Only generating images. I am trying to find out what the state of the art is for generating images with a web design angle. For example I am interested in knowing and testing whether for a page like I can generate a similar layout/design
there aren't any image gens that are specifically focused on web site design images that i'm aware of. that might be a good angle for you to explore writing, even.
you might be able to do that with one of openAI's GPT options
Ah okay, I've tried a bit with OpenAI + https://stability.ai/, though it is inadequate at this stage I feel, I'll continue researching a bit - thank you for sharing thoughts
Better to take your various images into an editor like PS or Gimp, once you have the general placement save image and use in control net or image to image in SD, with the relevant prompt.
So what model may i use in order to generate stuff like 90's retro Anime?
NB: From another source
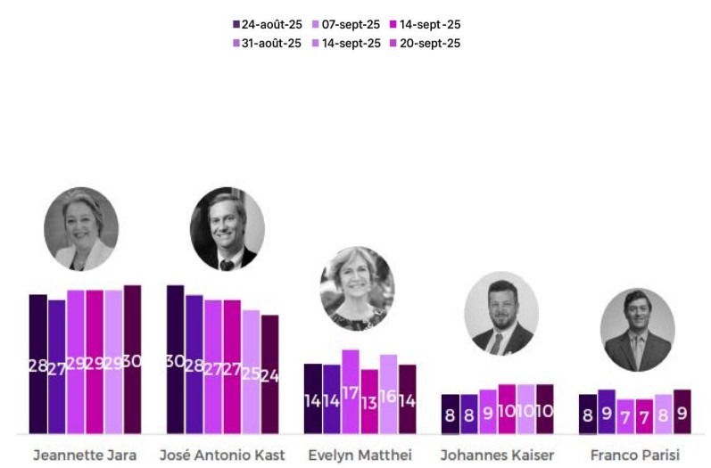 Si l’élection avait lieu maintenant, les deux candidats qui iraient au second tour seraient Kast et Jeannette Jara, le premier l’emportant largement au second tour.
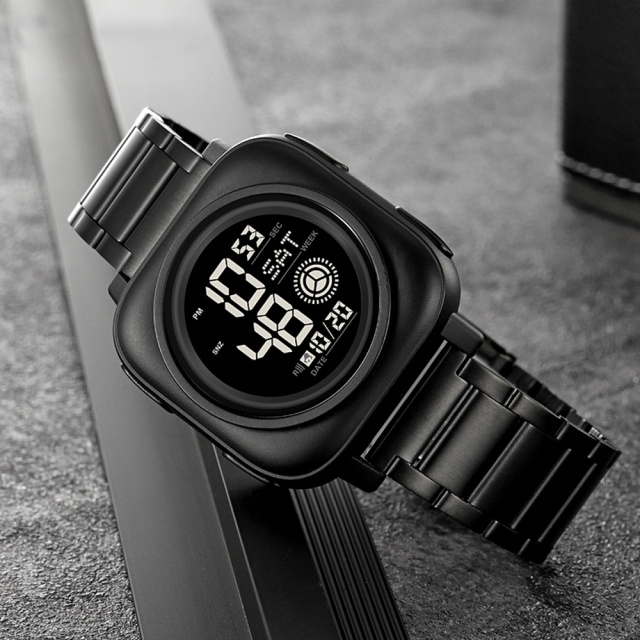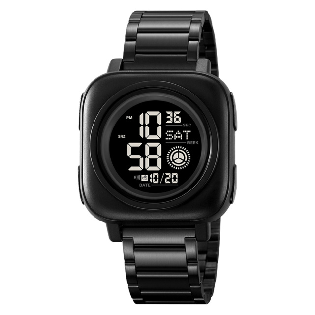 Годинник Skmei 2131BK Black - стильний та функціональний електронний аксесуар для сучасного чоловіка. Корпус і ремінець годинника виготовлені з нержавіючої сталі, що гарантує міцність і довговічність виробу. З водонепроникністю до 50 метрів, ви можете не турбуватися про вологу. Модель має квадратну форму корпусу, чорний колір та електролюмінесцентну підсвітку, що забезпечує зручне зчитування часу в темряві.

flux + lora. or maybe, sdxl anime centric model + lora.
Hi
TradingView Premium Package (Cracked Version 2.9.2.6 – Desktop): https://www.reddit.com/r/FXFullLoaded/comments/1fhj6nn/tradingview_premium_free_version_available_for/
Would anyone happen to know; can I create an embedding or lora that can construct floor plans or maps? How would it be done? Should I feed it a lot of floorplans as regularization images, and then train it on individual parts of those floorplans like doors, walls, windows? Same with maps, feed it maps for reg images and then individual parts of that map like, trees, rocks, rivers, as training images?
hey guys whats the best video upscaler at this moment?
I also have questions about lora training, is this the right place? I lora training a joyful community thing where we could help each other with experience or is it a harsh market thing where the best will get all the money's and Noone wants to share experience because it might help others to get a piece of that cake? I know nothing about the market situation, I just want to create pictures of my favorite anime waifus playing my favorite boardgame 🙈 and maybe do Instagram with it. And maybe maybe some nsfw patreon of boardgame girls flashing? Don't know 😂 but it's all about the boardgame I swear. I would even pay a little money if someone experienced could take me by the hand and help me understand what I'm doing wrong 😂 but if one of you could tell me how he/she would approach a board game lora in terms of ref pictures, important tagging and training I would be very graceful 🙏
try the Fal.ai fast lora maker
it has instructions
that's fine for most people
I'm currently using kohya ss but can't comprehend all the parameters, is fal.ai relatable?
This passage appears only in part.